(603b) Does Co-Encapsulation Matter?: Probing the Biophysical and Functional Impacts of Nanoparticle Combinatorial Delivery

One clear benefit of using nanoparticles (NPs) for drug delivery and immunotherapy for cancer and autoimmune disorders is the designable, predictable manner of achieving combination delivery. However, an outstanding question is whether multi-payload combination therapy using NPs is best achieved by either a) Separately-encapsulated, or b) Co-encapsulated NPs. We address this question of encapsulation strategies by probing the biophysical implications of delivering differentially-encapsulated NPs, utilizing dye-loaded NPs and in silico modeling of NP uptake. Further, functional and therapeutic impacts were investigated focusing on models of antigen uptake and presentation, employing Separately- or Co- NP systems of antigen delivered with pro- or anti-inflammatory (tolerogenic) adjuvants.

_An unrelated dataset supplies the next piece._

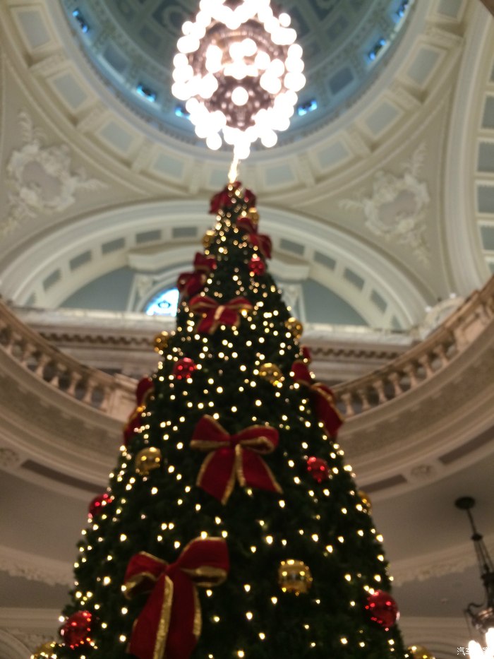 一进大门就是一棵巨大的圣诞树,和华丽的水晶吊灯,原谅手机的渣效果...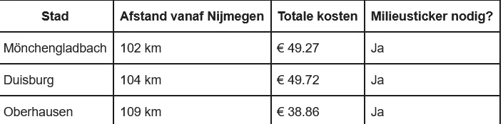 Op haar website heeft Wegenvignetten.nl een overzicht van de kosten van een bezoek aan een kerstmarkt in 50 grote Duitse steden. Daarbij staat ook per stad of een milieusticker nodig is en een tip om voordelig (vaak buiten het drukke centrum) te parkeren.

In the process of this investigation, we discovered that encapsulation strategies in NPs play a critical role in the spatio-temporal biodistribution kinetics of NPs in target cells and, thus, profoundly influence therapeutic outcomes. Our results provide biophysical and therapeutic insights into the significance of encapsulation strategies that can guide the designs of future NP-mediated combination therapies.